<イケメン戦国ショートストーリー集>戦国の見える蒼穹
第209章 茶菓子 ― 信長&姫 ―
「貴様、どこへ行く」
文を読みながら信長に問われた舞は答える。
「信長様のお仕事の邪魔かと思いまして、下がろうとしたんですけれど…」
信長は舞を見る事なく即座に言った。
「貴様は下がる必要は無い。このままここに居て、針子の仕事と俺の手伝いもしろ」
「は…はいっ…」
弾むように返事をする舞に、信長はちらりと文から目を離し、舞を見る。
「どうした、そんなに嬉しそうな返事をして」
「あ、だって、信長様と離れたくないなぁって思っていたので…」
正直に舞が答えると、信長はまたも面白そうに言った。
「貴様、本当に正直で愛らしいな。
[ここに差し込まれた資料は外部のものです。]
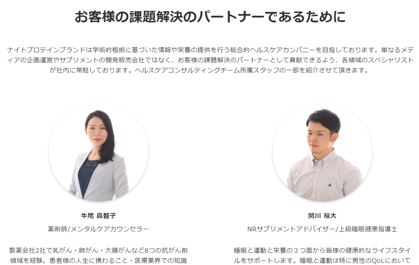(ナイトプロテインにはヘルスケアの有資格者が多数在籍しています)
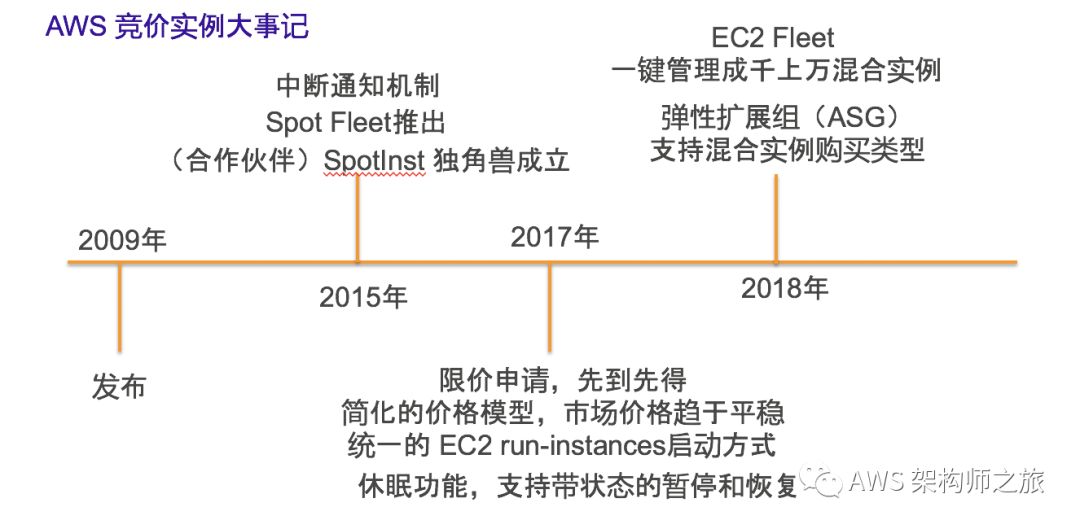 成熟的竞价实例市场:竞价实例市场相对的是 EC2 现货市场,是一种购买方式的创新,2009年 12月 份 AWS 开始推出竞价实例购买方式,初衷是随着AWS规模的不断壮大和硬件更新升级换代,云中很多算力未能充分利用,如何将这部分闲置算力提供给客户,为了区分 EC2 现货市场,推出了竞价市场,客户可以以非常低的价格竞价抢占使用;直到 2017年 底,AWS 宣布推出全新的、更加简化实用的定价模型,并且将竞价实例的启动方式和普通现货的 EC2 实例统一一致,这两项举措大大促进了竞价实例的繁荣和广泛应用。我想不需要任何额外的商务条款即可最低以现货按需实例价格的 10% 的低折扣使用云计算算力资源,任何客户都无法拒绝!

では手伝いをさせるから俺の横へ来い」
「はい」
仕事の手伝いだからと舞は移動し、信長の隣へ行った。
でも信長から来たのは仕分けしたり整理をするような大量の文でも無かった。
信長は舞の肩を引き寄せ、少し半開きになっていた舞の唇に、自分の唇を寄せた。
「…!」
「これも貴様の仕事であろう?」
唇を離した信長に言われ、また顔を赤くした舞は言う。